--- Data provided ---

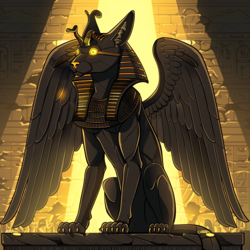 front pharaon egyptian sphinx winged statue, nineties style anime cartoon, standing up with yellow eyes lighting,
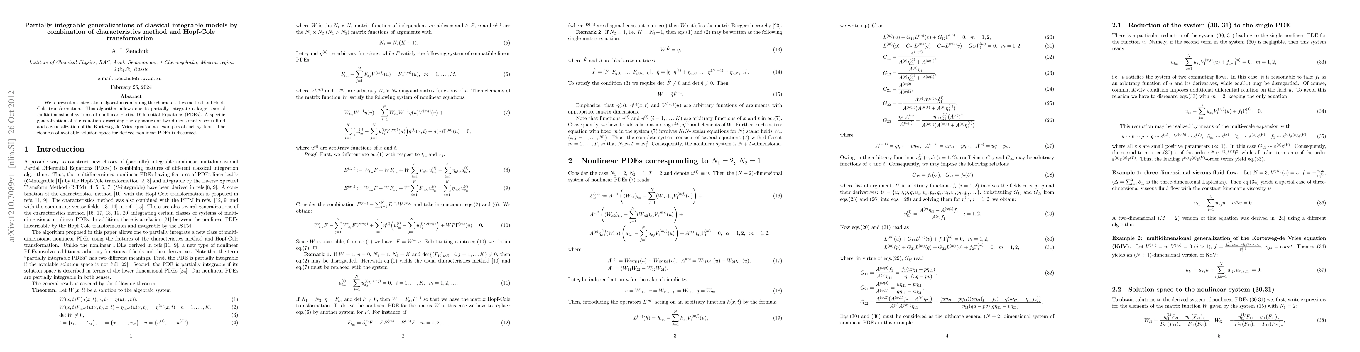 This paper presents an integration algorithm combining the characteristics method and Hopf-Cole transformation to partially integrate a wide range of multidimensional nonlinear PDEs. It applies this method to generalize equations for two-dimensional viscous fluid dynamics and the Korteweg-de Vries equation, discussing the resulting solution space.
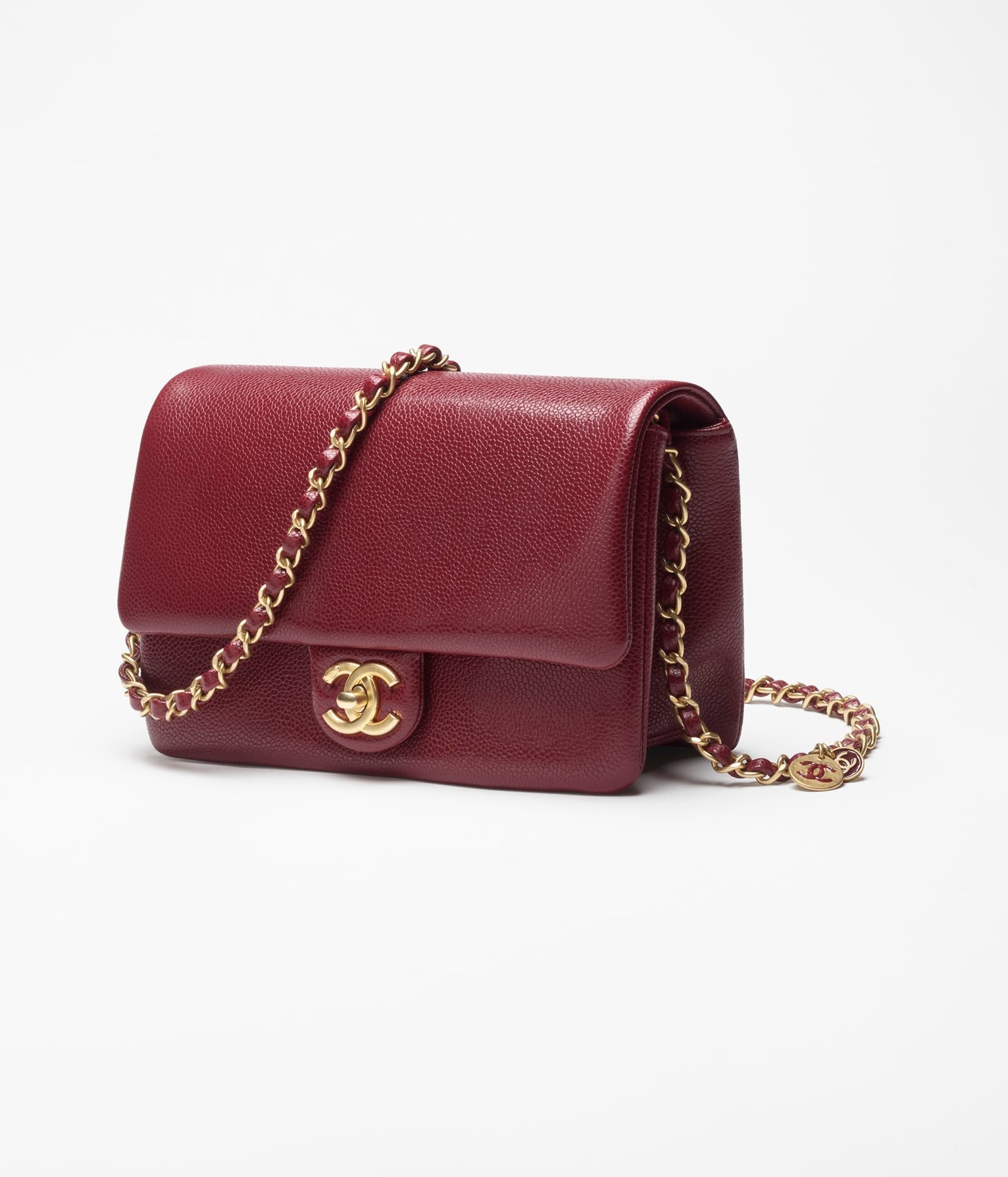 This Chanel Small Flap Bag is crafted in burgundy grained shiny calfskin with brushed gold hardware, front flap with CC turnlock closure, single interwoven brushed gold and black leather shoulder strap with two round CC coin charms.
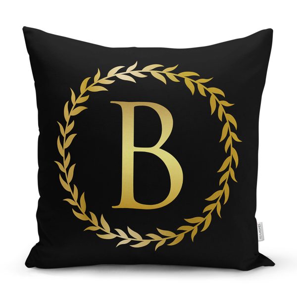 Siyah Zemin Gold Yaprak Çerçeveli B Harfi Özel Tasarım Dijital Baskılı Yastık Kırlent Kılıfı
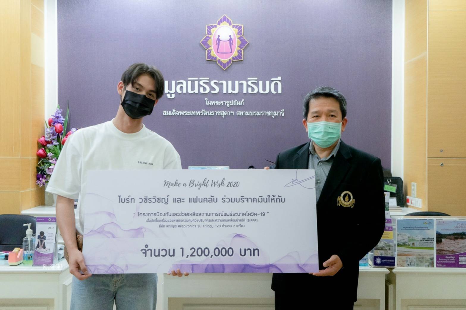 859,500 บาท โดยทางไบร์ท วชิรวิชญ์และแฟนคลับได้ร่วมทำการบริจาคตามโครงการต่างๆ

---

### [What is needed]
Your copy should hold each line above exactly and no pictures at all.

### [Written answer]
 front pharaon egyptian sphinx winged statue, nineties style anime cartoon, standing up with yellow eyes lighting,
 This paper presents an integration algorithm combining the characteristics method and Hopf-Cole transformation to partially integrate a wide range of multidimensional nonlinear PDEs. It applies this method to generalize equations for two-dimensional viscous fluid dynamics and the Korteweg-de Vries equation, discussing the resulting solution space.
 This Chanel Small Flap Bag is crafted in burgundy grained shiny calfskin with brushed gold hardware, front flap with CC turnlock closure, single interwoven brushed gold and black leather shoulder strap with two round CC coin charms.
 Siyah Zemin Gold Yaprak Çerçeveli B Harfi Özel Tasarım Dijital Baskılı Yastık Kırlent Kılıfı
 859,500 บาท โดยทางไบร์ท วชิรวิชญ์และแฟนคลับได้ร่วมทำการบริจาคตามโครงการต่างๆ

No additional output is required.